- Born: Norman Mangusin September 29, 1979 (age 46) Philippines
- Occupations: Businessman; Philanthropist;
- Known for: Mayaman Challenge; claimed familial ties to the Marcos family; 2022 Senate election bid
- Spouse: Mayu Murakami

YouTube information
- Channel: FLM COMEBACK;
- Years active: 2020–present
- Genre: Vlog
- Subscribers: 252 thousand
- Views: 11.95 million

= Francis Leo Marcos =

Filipino internet personality (born 1979)

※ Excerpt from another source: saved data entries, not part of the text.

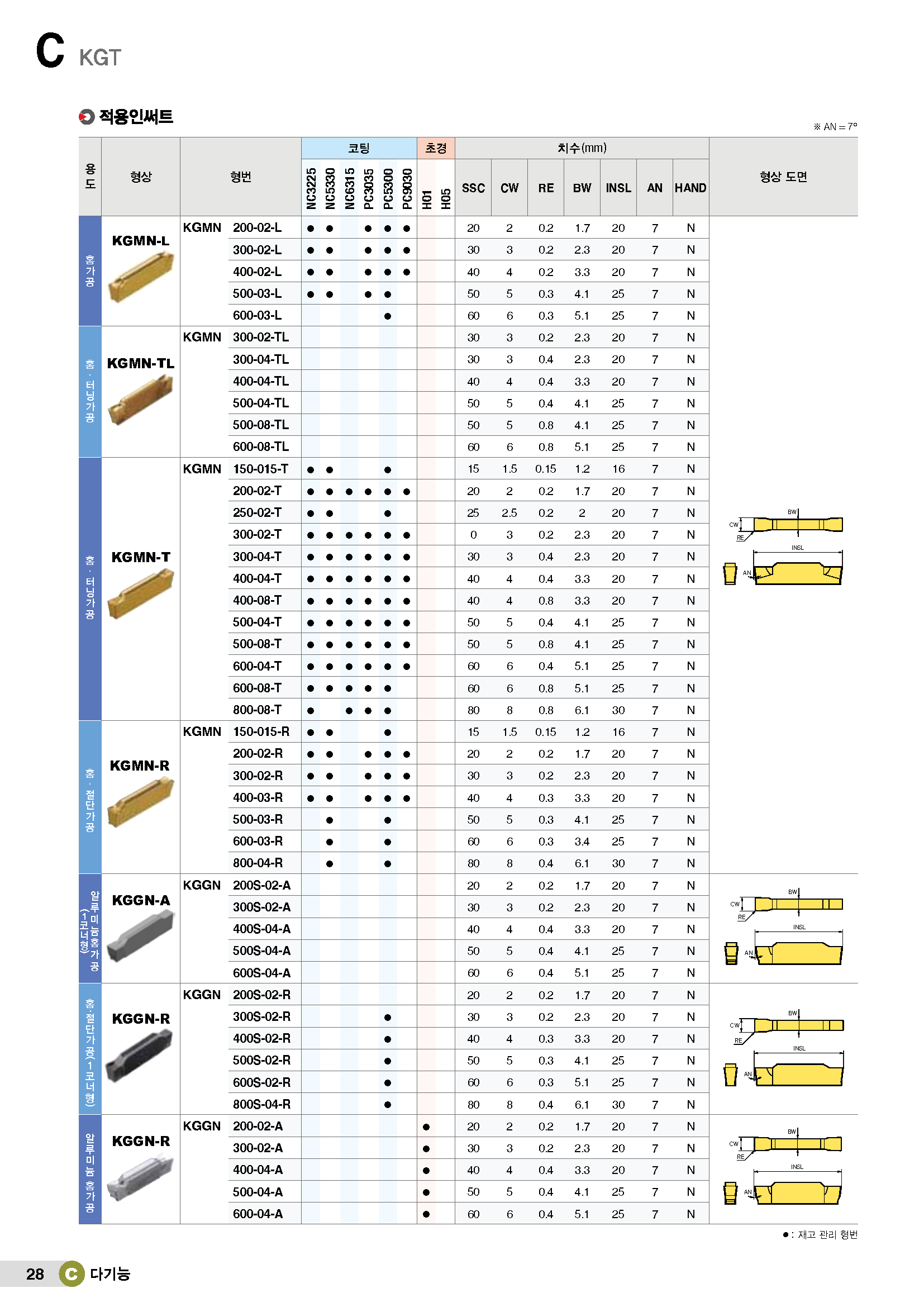 홈가공 인써트(2코너,&절단)/ KGMN..-L/ KR
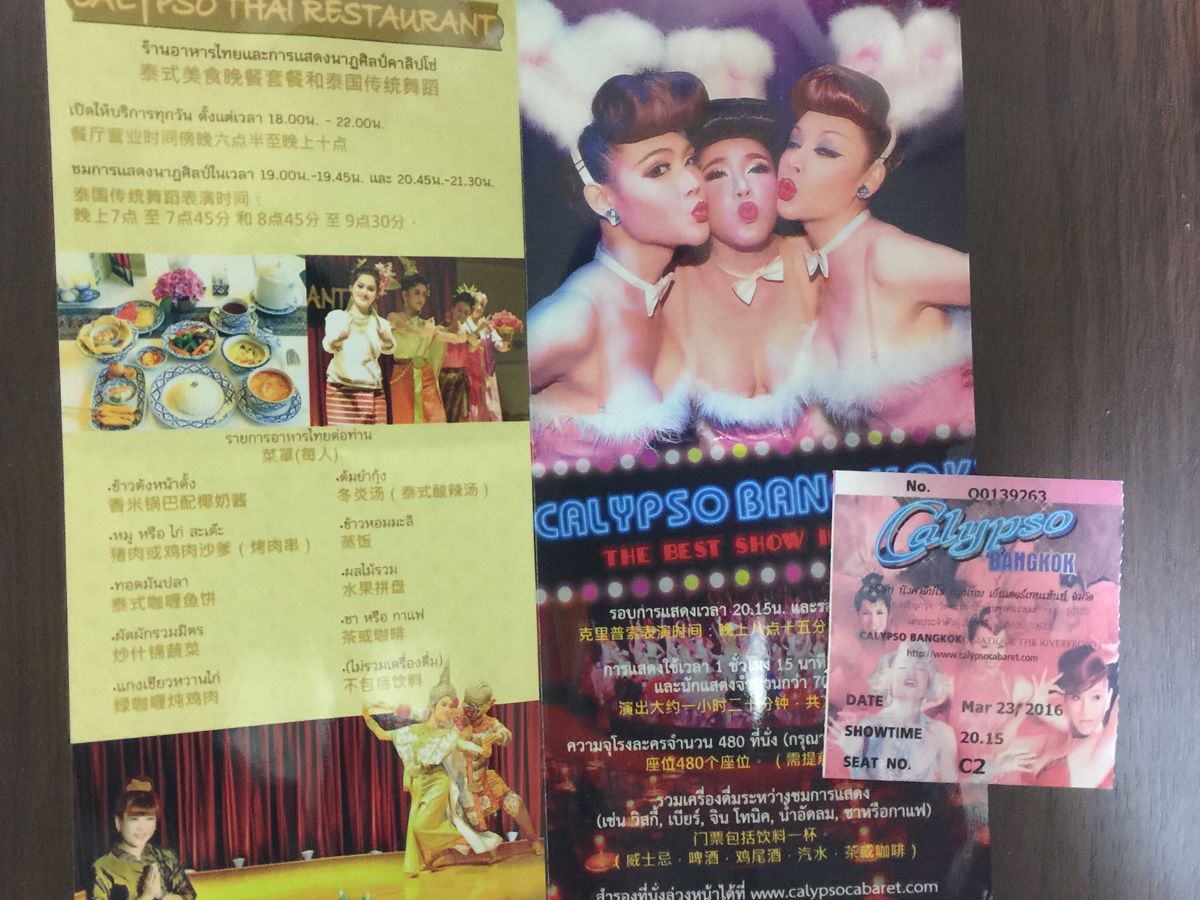 アジアホテルにあった頃、よく行っていました。しばらくタイから遠のいていたので、久しぶりのバンコク滞在で、アジアティークに引越したカリプソに行ってきました。内容は多少変わっていましたが、安定感のある感じでした。初めてニューハーフショーを観るにはクセがなく、楽しめると思います。レート、物価上昇の兼ね合いで以前に比べて割高感があるのは仕方ないですが、残念です。
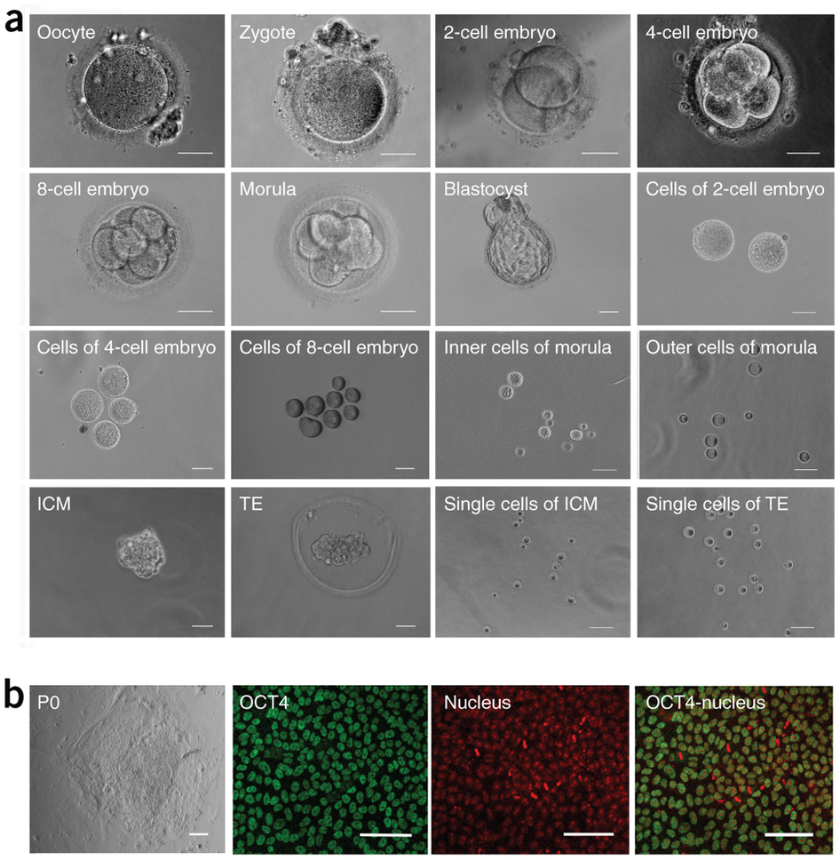 研究人员还首次将单细胞RNA-Seq高通量测序技术与RNA从头组装生物信息学分析技术相结合,从人类植入前胚胎中发现了两千七百多种全新的lncRNA,其中许多lncRNA表达具有发育阶段特异性,很可能参与了植入前胚胎发育过程中的细胞命运决定。此外,他们还首次检测了建系过程中最早阶段(第0代)的人类胚胎干细胞的转录组,解答了人类囊胚中的上胚层(epiblast)细胞和体外培养的人类胚胎干细胞之间的基因表达模式是否相同这一由来已久的问题,证实囊胚中的上胚层细胞和建系过程中最早期的人类胚胎干细胞具有显著不同的转录组,其中有一千四百多个基因显示差异性表达。
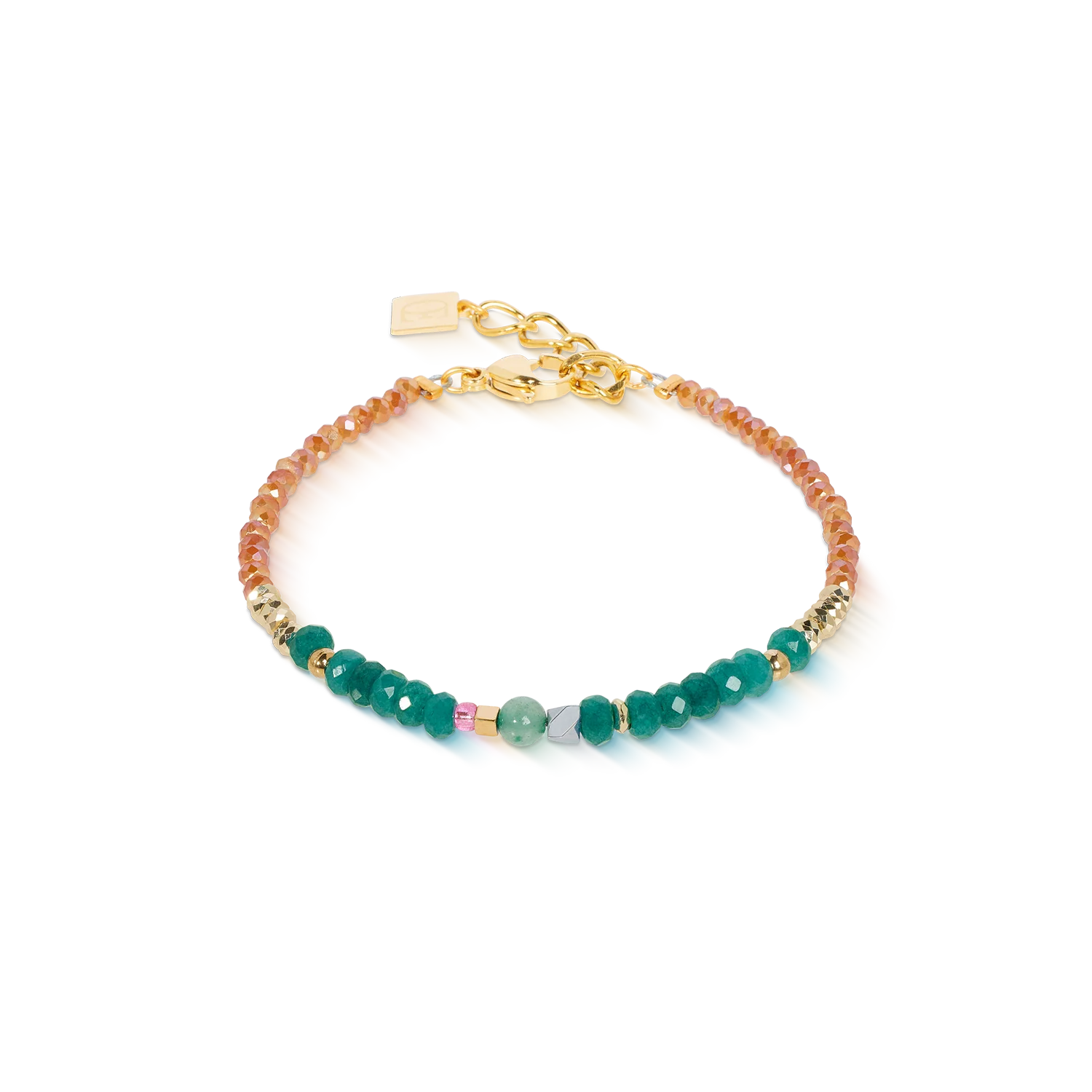 Lots of colour, lots of character - the bracelet picks up on the multifaceted colour world of the matching necklace and brings it into a wearable design for every day. With aventurine, coloured jade, cut glass and Crystal Pearls by Swarovski®, it combines natural elements with shiny details in gold-look stainless steel. For a harmonious look, the clear shapes can be ideally combined with jewellery from the Essentials Wave Collection.

Norman Mangusin (born September 29, 1979), who is more known as Francis Leo Marcos or FLM, is a Filipino internet personality who falsely claimed to be a son of former President of the Philippines Ferdinand Marcos. He is known for popularizing the "Mayaman Challenge", which encouraged people to donate to those affected by COVID-19 pandemic-related quarantines. He ran for the 2022 Philippine Senate election.

==Background==
According to his own account, Francis Leo Marcos began his philanthropic work in 2007, long before it gained attention on social media. He leads the Optimum Eye Care Program, which provides eyeglasses to individuals who cannot afford them.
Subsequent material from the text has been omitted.